Substantially reduce the code footprint and generally improve the maintainability of the API services we own.
Substantially improve the observability of the services we run, providing detailed data for debugging and operations.

We do this by adjusting our API hosting environment and implementation frameworks.

For our hosting environment, we propose continuing to primarily use Google Cloud Platform for hosting our services, but leveraging Cloud Run, workflows, and metrics/logs/trace services to provide better cost, scalability, reliability and observability.

For our API stack we plan to combine our APIs (household and general) into a single, consistent API. For implementing our API we propose switching from Flask with SQLAlchemy to FastAPI and SQLModel with opentelemetry for trace/metric/log generation. We expect these changes to substantially reduce the code footprint and maintenance burden of our API code base.
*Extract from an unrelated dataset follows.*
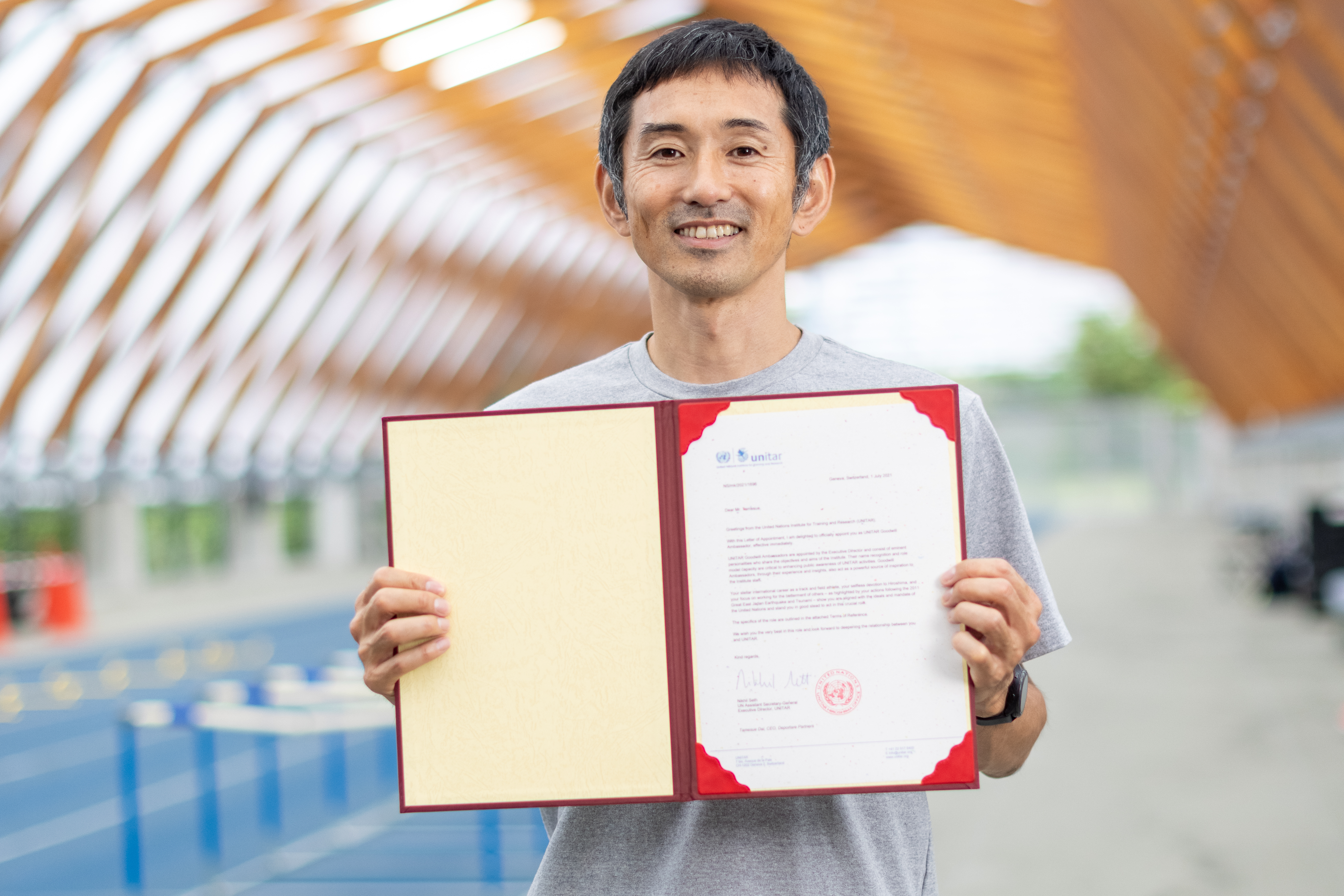 16 July 2021, Hiroshima, Japan – Dai Tamesue, two-time World Championships bronze medallist in the 400m hurdles, was appointed UNITAR Goodwill Ambassador in July 2021. “I am committed to training Asian athletes and fostering friendship among them, so I resonate with UNITAR’s activities. I look forward to promoting its missions,” said Mr. Tamesue at the online press conference held on 14 July 2021.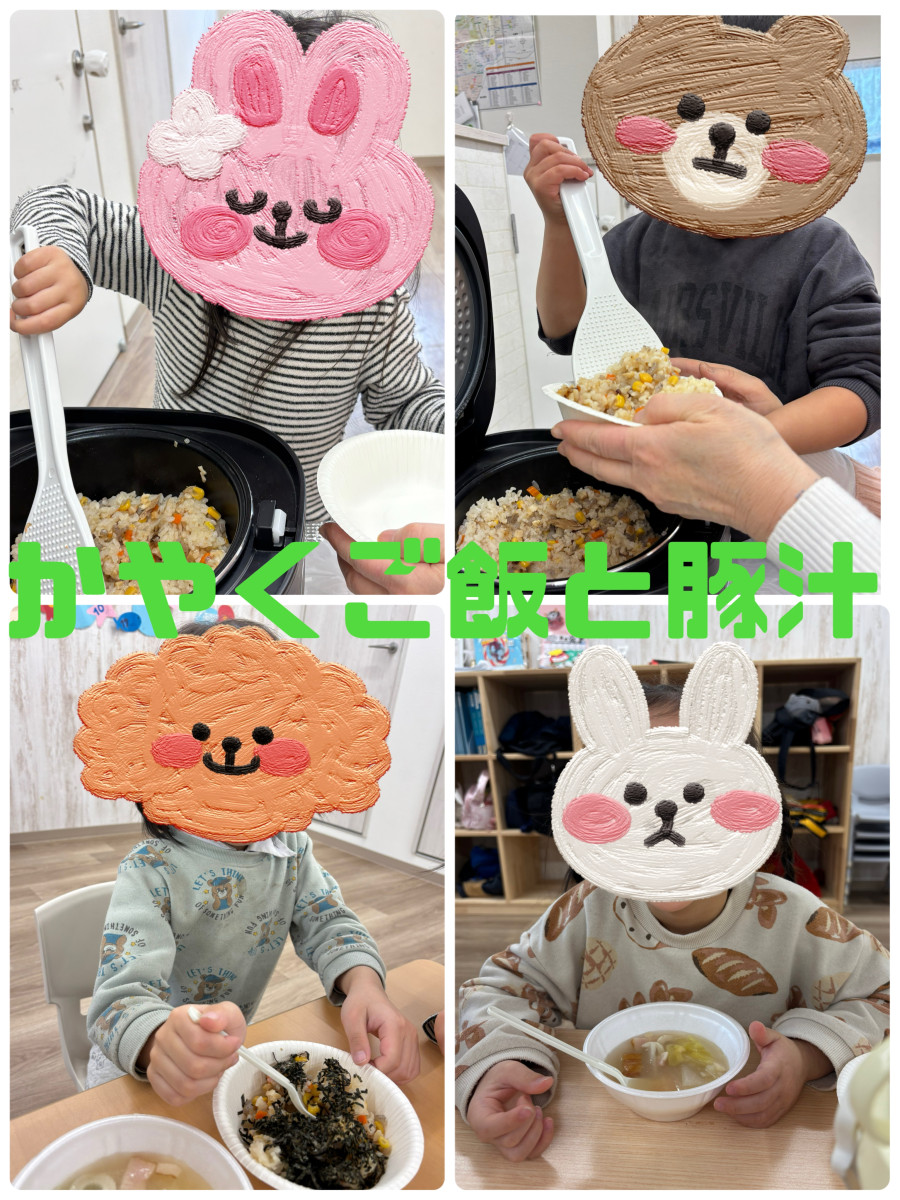 かやくご飯が炊けてくると、「いいにおい〜」と笑顔でお話ししていました☺️

As migrating from our current architecture to this improved version is non-trivial, we lay out an broad, incremental plan for transitioning from the current to target infrastructure below. This plan focuses on:

Reducing the standing cost of our existing application API
Improving the reliability and performance of our Household API
Generalizing the Household API to just the PolicyEngine API capable of supporting both the app and external client use cases.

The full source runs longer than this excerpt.